Anomalous expansion of water

Anomalous expansion of water

Water has a peculiar property. When temperature is rises between 0 to 4°C water is not going to expand but it is going to contract. This special property is called anomalous expansion of water. It is because of the molecular configuration of the water.

When the temperature is decreased from 4°C to 0 degrees centigrade water does not contracts but expands.

Therefore at 4°C volume of the water is minimum and the corresponding density is maximum. This density is generally taken like a reference density of the water.

It is obvious that at 4°C density of the water is going to be maximum as the volume is minimum.

This property has a great importance in explaining the aquatic life existence during the winter season in the cold countries.
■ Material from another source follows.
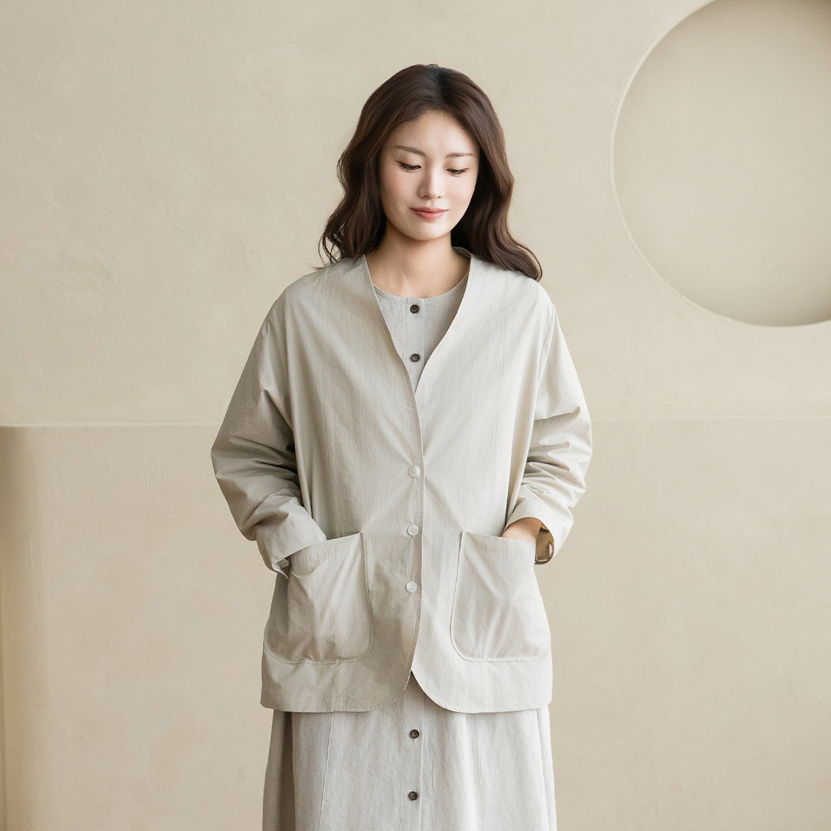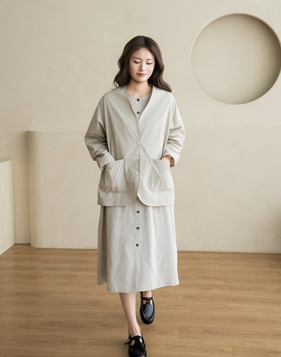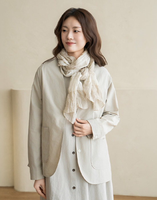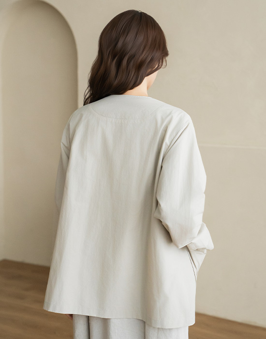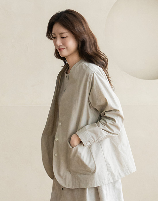 [Natural Poem] Collarless Nylon Jacket-JK2603032-
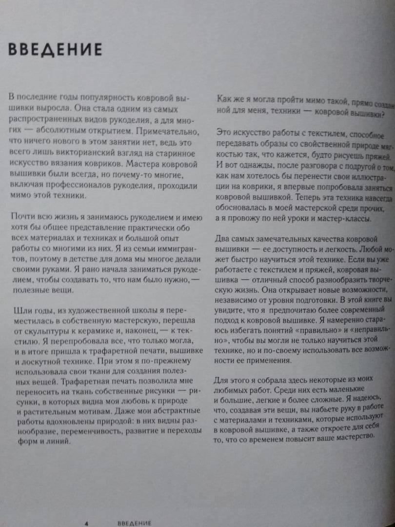 ОписаниеКовровая вышивка - древнее искусство, родом из Персии. И это название отнюдь не означает, что с ее помощью можно создавать только ковры. Просто технология очень похожа на ту, которую использовали ковроделы во все времена и во всех странах. Популярность современной ковровой вышивки легко объясняется простотой техники и рисунка и одновременно удивительной красотой предметов быта, аксессуаов или декора, которые она позволяет создать. И для этого не нужны особые навыки и умения, достаточно вкуса и немного времени, иглы или специального крючка и небольшого количества ниток. Красивая вещь получится абсолютно у всех.Канадский мастер и педагог Арунна Куннораж научит вас создавать стильные и красивые предметы и разрабатывать собственные дизайны, сочетать цвета и строить композицию, посвятит в тонкости и секреты мастерства, котрые сделают ваши работы по-настоящему уникальными и неповторимыми. Ковровая вышивка снова в моде. Дерзайте!Красочная и стильная книга канадского мастера и преподавателя прикладного искусства Арунны Куннораж наполнена подробными инструкциями и мастер-классами по

During the winter season due to the cold breezes the upper layers of the river will   get a lower temperature first. As a result the water becomes denser and it reaches to the lower levels. Because of the anomalous expansion property of the water, at the lowest part there will be temperature of 4°C. On the top of it and there will be water at 3°C and so on. Hence though the uppermost layer of the water is at 0°C, at the lower portions there will be higher temperatures and water can exist without freezing.

This helps for the survival of the aquatic life under the water.

Variation of density with temperature

Whenever the temperature of a liquid is increased, its volume increases and hence density decreases. Anyway mass of the liquid is going to be independent of temperature and it is always going to remain constant. Basing on this concept we can derive the relation between a densities are different temperatures as shown below.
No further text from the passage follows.